I’ve never been a theme park enthusiast, but ever since it opened, I’ve been very curious about The Wizarding World of Harry Potter. Last week, we ended up on a trip to Disney World / Orlando with a group of extended family who’ve never read Harry Potter, so our family peeled off from the crowd and seized the opportunity to head off to Diagon Alley for the day. For anyone who hasn’t yet made the journey through the Orlando version of King’s Cross Station, I highly recommend the trip.

I wrote last year about the Harry Potter compromise I struck with my oldest reader (then 6 ½). Eager to immerse himself in the wizarding world he’d heard so much about, we decided to get onboard at Platform 9 ¾ and head off to Hogwarts. It was a huge hit and felt perfectly pitched to where he was as a reader right then. However, we agreed that we’d wait about 6 months between installments. We read the second adventure in the fall, and while book 2 ratchets up the fear factor with whispery basilisk speak echoing through the walls and enormous spiders lurking in the woods, the 6 months between books has felt about right.

Because of that staggered schedule, though, my 7 ½ year old entered the wizarding world without a comprehensive understanding of all the references. Especially since the two halves of the theme world are divided between Diagon Alley and Hogsmeade (the latter of which is not discovered until book 3), I wasn’t sure whether the knowledge gap would be fun or frustrating. The great thing was that it couldn’t have mattered less. The production values are astounding, so a sense of marvel and wonder pervades the whole experience from beginning to end, meaning that a little mystery doesn’t feel like such a bad thing. I actually discovered that he loved the little sneak peeks into later adventures—eagerly bookmarking them for later discovery. And, of course, my 5 year old had no frame of reference at all, and had the best time anyway.

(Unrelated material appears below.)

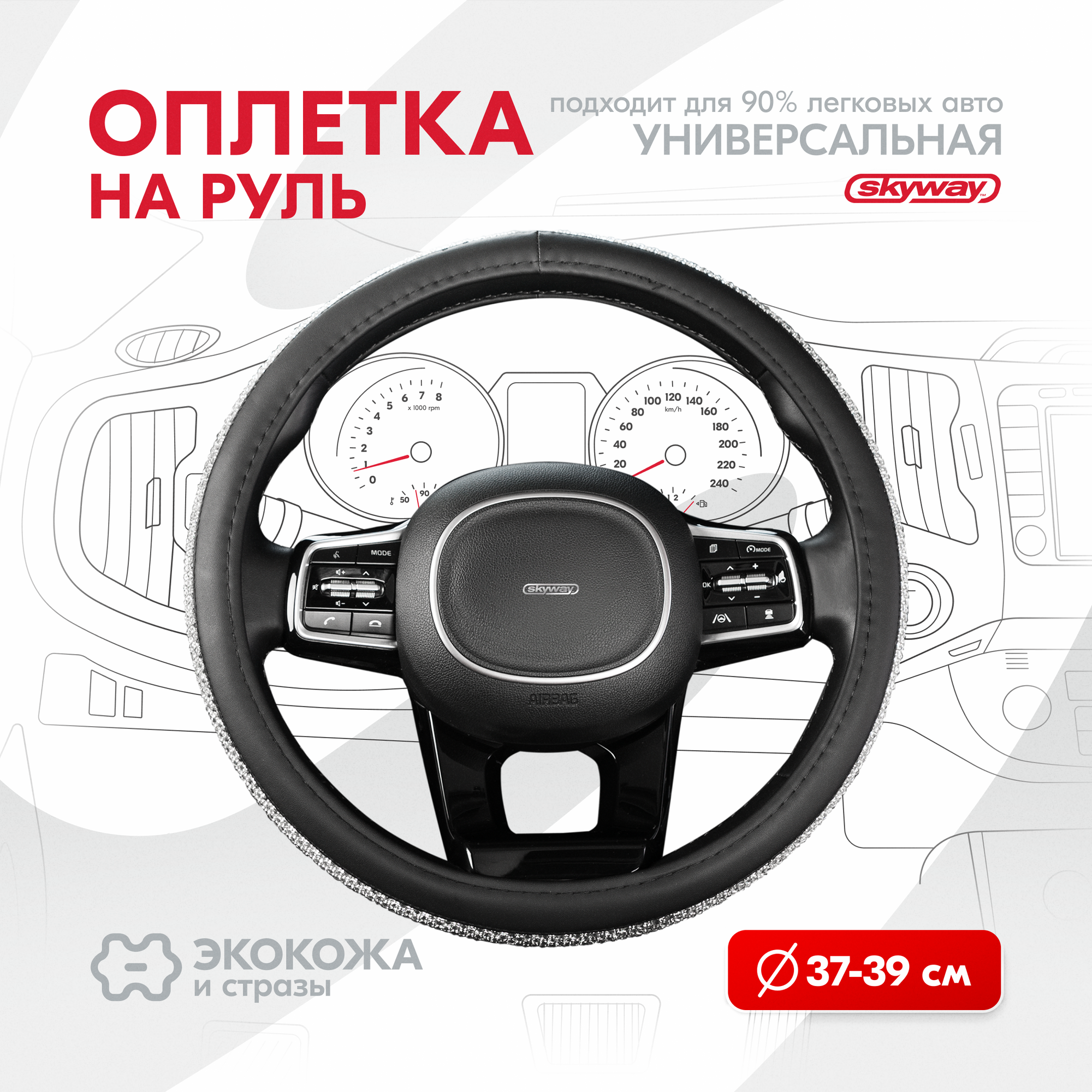 Оплетка SKYWAY Crystal-1 для руля диаметром 37/38/39см, экокожа, размер M, со стразами, S01102463

So what was it like to immerse ourselves in the literary magic kingdom? First thing, we plumbed the depths of the Gringotts vaults, in a dazzling ride that punctuated dramatic dragon action and fun character moments with dizzying spins through darkness. (Adult verdict: Fun! Kid verdict: Absolutely terrifying!) Then we headed to the money exchange where we exchanged our dollars for “wizard money,” which was really just printed out pieces of paper with the dollar amount printed on the front. Not exactly as exciting as knuts and sickles in my book, but my First Year did enjoy paying for his wand with his own wizard money.

Sure, the wand’s a $55 gimmick, but the wand choosing process at Ollivander’s was a delight, and the wands are designed to interact with a number of the store fronts in both Diagon Alley and Hogsmeade, so the kids get the thrill of doing real magic along the way. The spells were a bit harder to execute than you might expect, but they were pretty fun. The best ones in my book were the Metelojinx rain spell and the Revelio chocolate frog hide & seek. These elements really did take the experience one step further, to truly make kids feel like they’re a part of it all. Similarly, the lines for the rides take families through incredibly elaborate, beautifully detailed sets filled with mechanical elements, holograms, videos, and more. Although the kids declined to take any more Harry Potter rides with us after their Gringotts scare, they actually loved the hour long line we took through Hogwarts itself to get to a ride my husband and I wanted to go on. The talking paintings room was a hoot!

Of course the crown jewel of any Harry Potter experience is supposed to be the mythical Butterbeer. Sadly, my kids and husband all unilaterally hated it. Drinking all of it myself was no big hardship, but they all decidedly turned their noses up at its buttery, cream soda taste. Well, you can’t win ’em all. But by turning J.K. Rowling’s imagined realm into an interactive, fully immersive wonderland, this whole world gets the details pretty darn right.